I would like the lines below, from the one with "de René LALIQUE" through the one with "- 2 きゅうりは薄切りにし、塩をまぶして5分ほど置き、水気を絞ります", copied exactly and without any pictures.

#### Task material

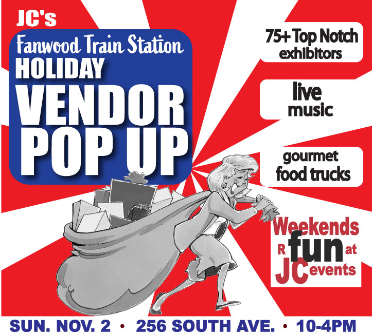 Come to the Holiday Vendor Pop-Up & Craft Fair this Sunday, Nov. 2nd from 10 am-4 pm at the south side Fanwood Train Station parking Lot. This event will feature gourmet food trucks, and live music throughout the day. It’s never too early to start your holiday shopping. Stop by…shop a little, relax, and enjoy the good food, great music, and 75+ exhibitors selling arts and crafts, and collectibles.
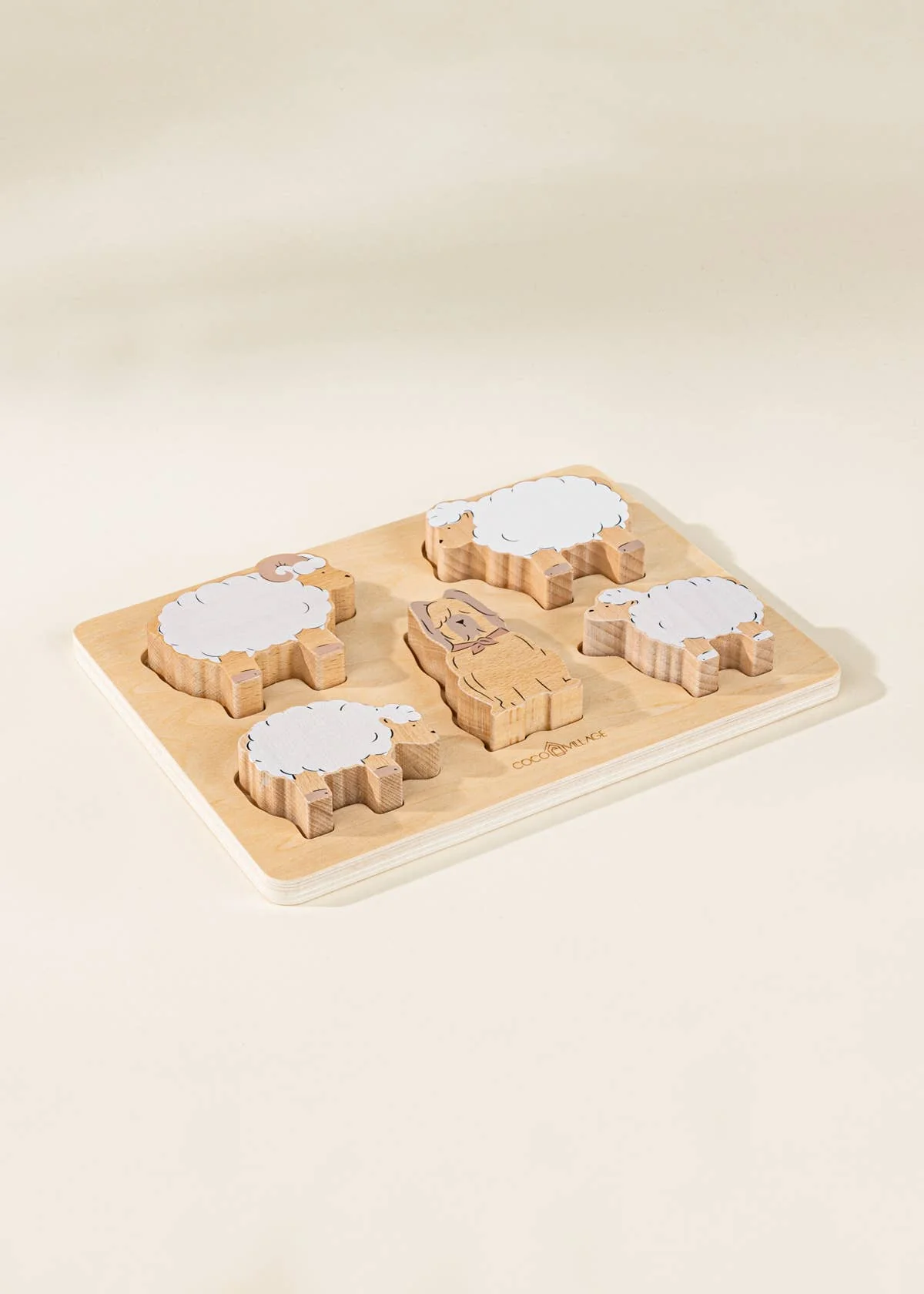 Set de 5 animaux de berger sur assiette en bois – Coco Village
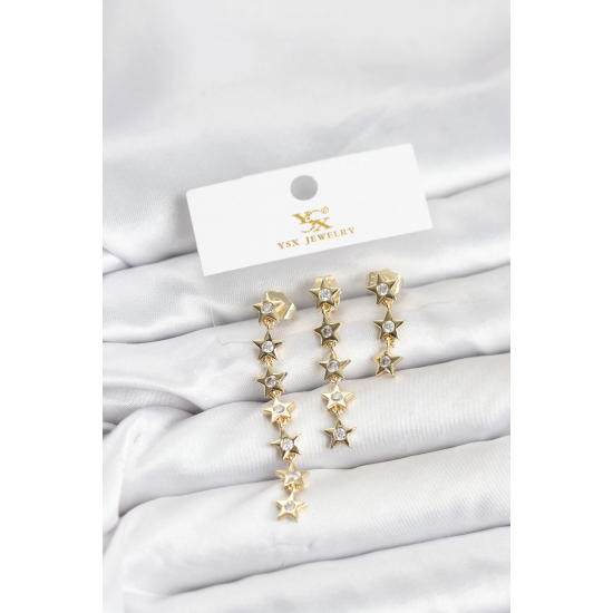 Mey İthalat® Pirinç Gold Renk Yıldız Model YSX Trio Küpe Seti
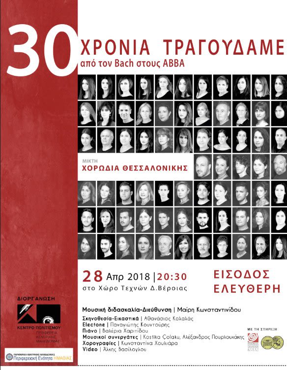 «30 ΧΡΟΝΙΑ ΤΡΑΓΟΥΔΑΜΕ από τον Bach στους ABBA» |με την Μικτή Χορωδία Θεσσαλονίκης | ΧΩΡΟΣ ΤΕΧΝΩΝ ΔΗΜΟΥ ΒΕΡΟΙΑΣ
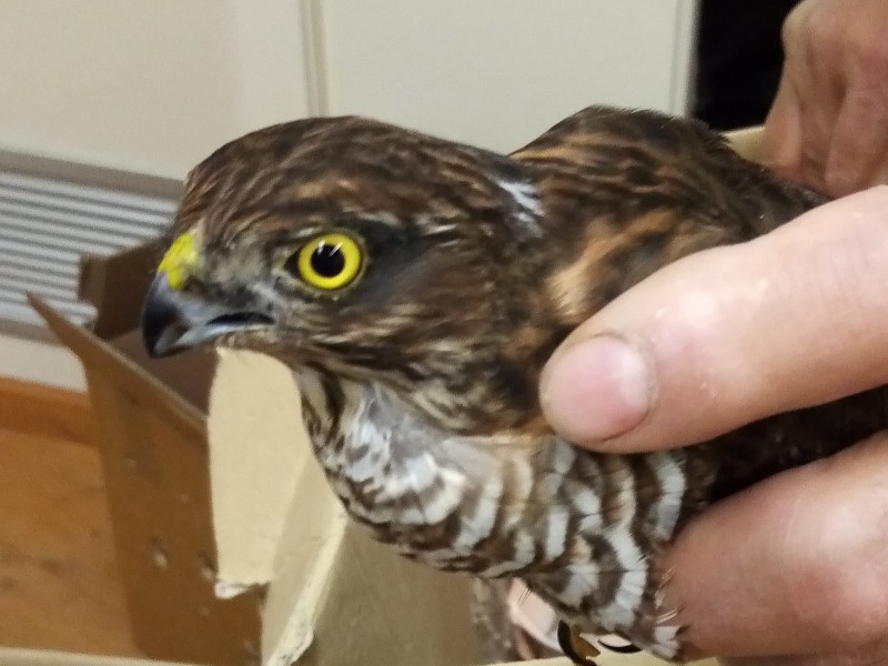 Questa volta è toccato ad uno sparviero, rapace che nidifica in ambienti forestali, ma che in inverno frequenta anche aree aperte.
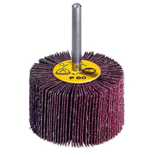 Schleifmop mit Schaft und Multibindung für handgeführte Maschinen zur Bearbeitung profilierter Werkstücke, Innenflächen, engen und schwer erreichbaren Stellen. Speziell für radialen, kühlen Schliff ohne Anlauffarben auf Edelstahl geeignet.
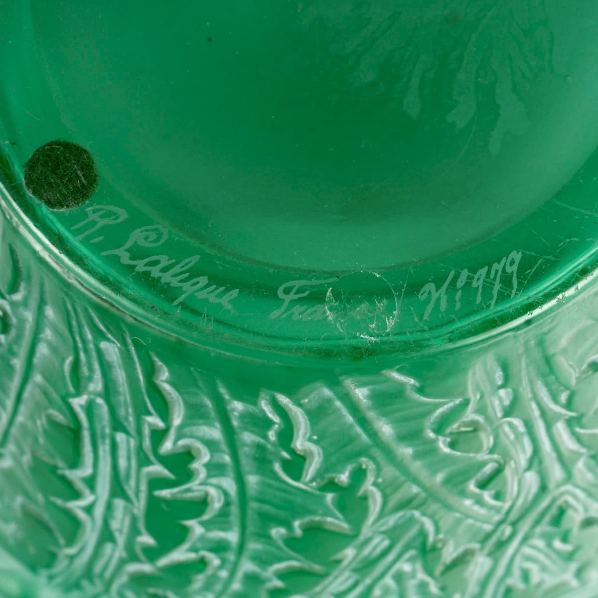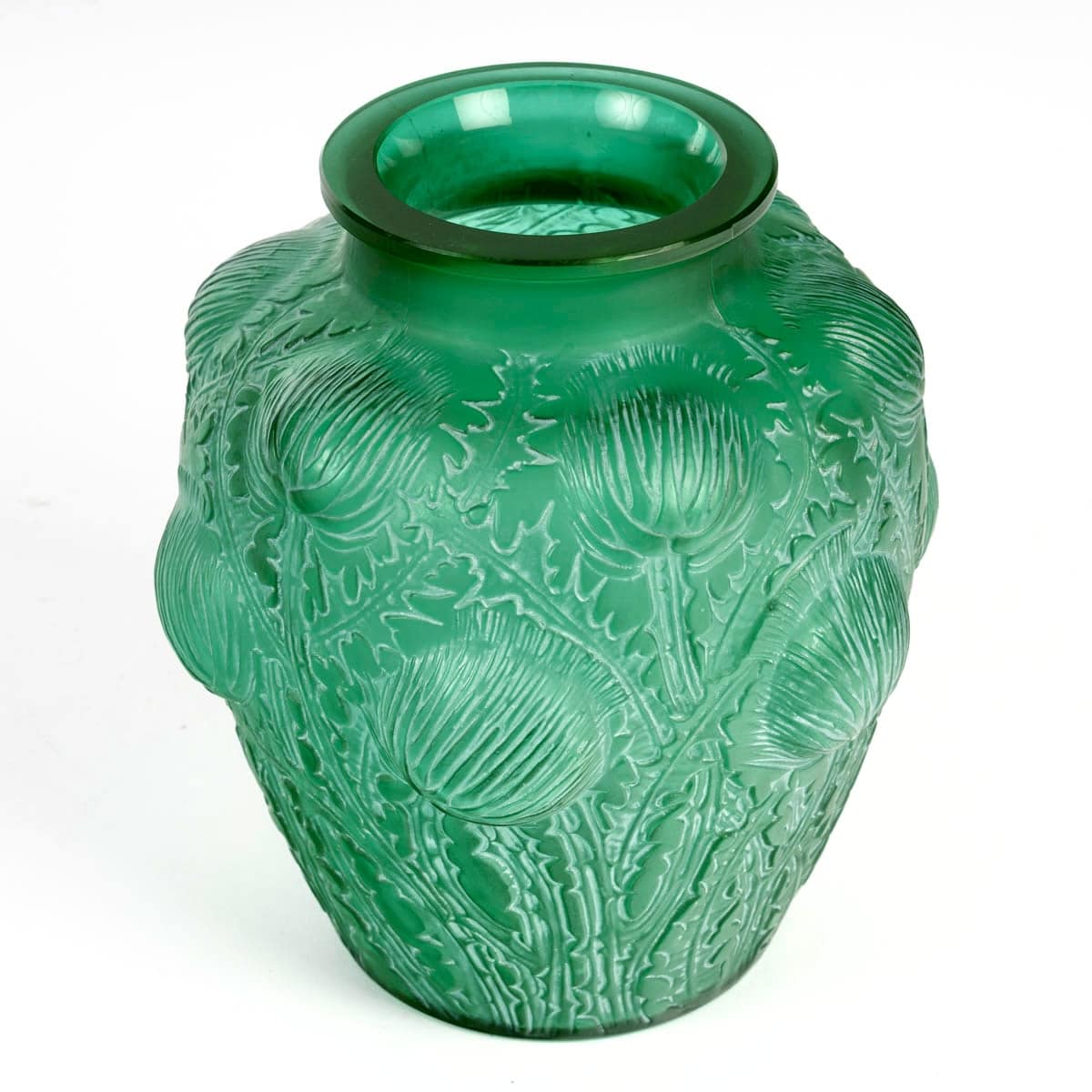 Vase « Domrémy » verre vert émeraude patiné blanc de René LALIQUE
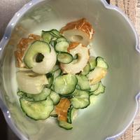 - 2 きゅうりは薄切りにし、塩をまぶして5分ほど置き、水気を絞ります
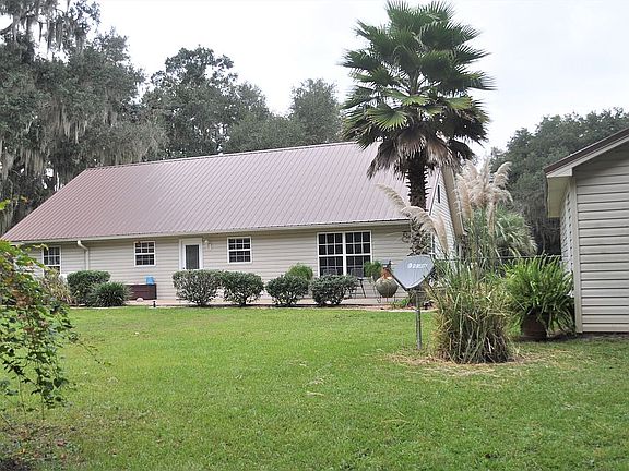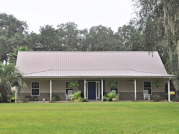 Immaculate condition, easy living with open floor plan! Metal Roof was installed in 2016. This welcoming home features a rocking chair front porch, detached garage/workshop and over 1 acre lot. Living room offers built in bookcase around the Gas Fireplace, hardwood flooring and open to dining area and Kitchen. The kitchen features white appliances and breakfast bar. Behind the beautiful barn doors next to the kitchen is the pantry area and Laundry Room. The primary bedroom features hardwood flooring and En-suite bathroom with dual sinks, tile and tub/shower. Bedroom #4 is located upstairs with En-suite bathroom. Such a fantastic yard with several mature Live Oak trees! UTILITIES: GA Power- $175/mth avg, septic tank, public water and there is a private well for lawn irrigation. Gas fireplace operates with a rented propane tank. Age of HVAC is 2019 and water heater is 2016. Easy to show.
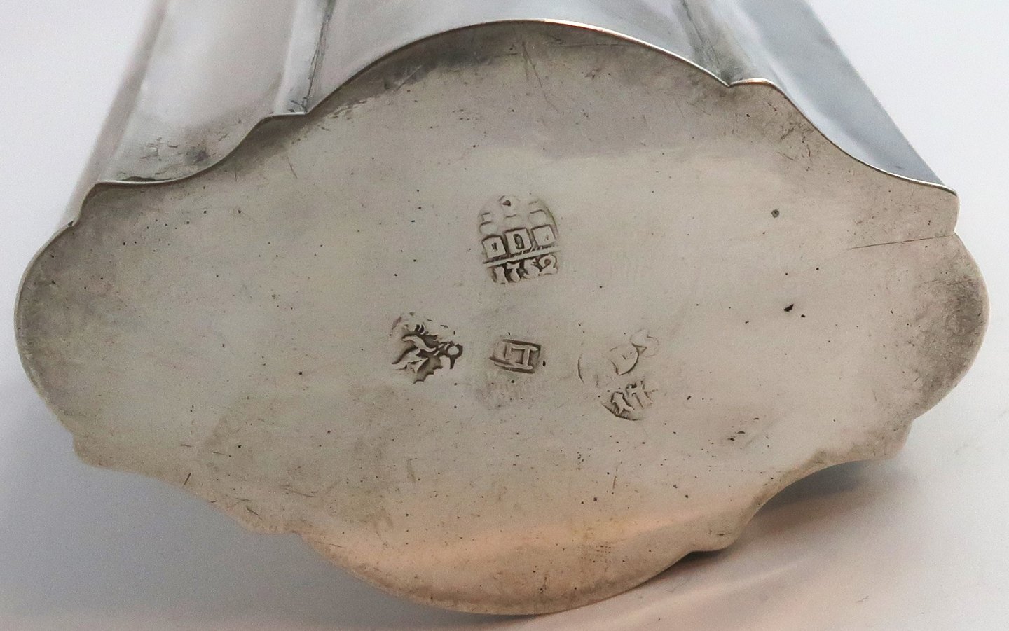 Tobias Didrichsen, København (1749-75). Sølv tedåse, ligeknækket (830). Højde 12 cm. Produceret 1752.
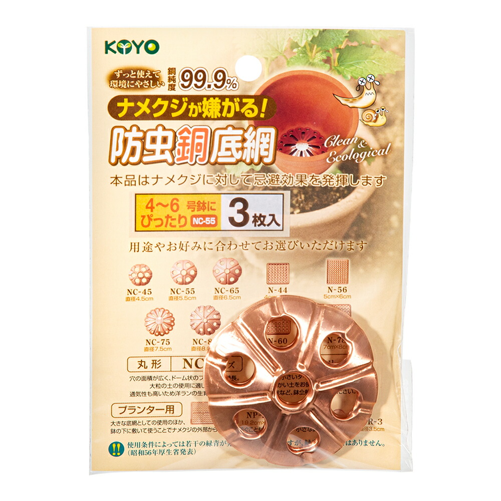 | 特長 | ●植木鉢やプランターの底に敷き、ナメクジ等の害を防ぐ防虫銅底網です。 ●銅イオンが溶出することによりナメクジ・かたつむり類が近寄りにくくなります。 ●家庭菜園にもご使用いただけます。 |
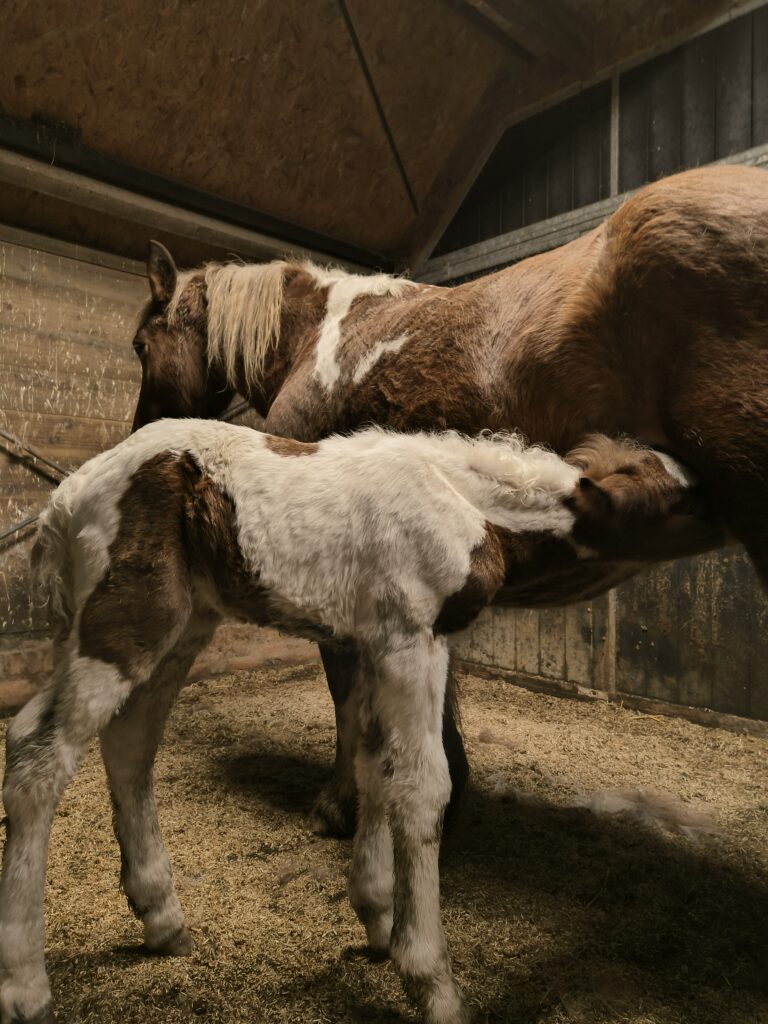 Op dinsdag 7 januari werd een gezond merrieveulen geboren, de dochter van het paard Ziggy. Zowel moeder als dochter maken het uitstekend! Beide verblijven nog een tijdje bij instructrice Nicolette, waar ze in alle rust kunnen aansterken.

########

**Expected output**
 Vase « Domrémy » verre vert émeraude patiné blanc de René LALIQUE
 - 2 きゅうりは薄切りにし、塩をまぶして5分ほど置き、水気を絞ります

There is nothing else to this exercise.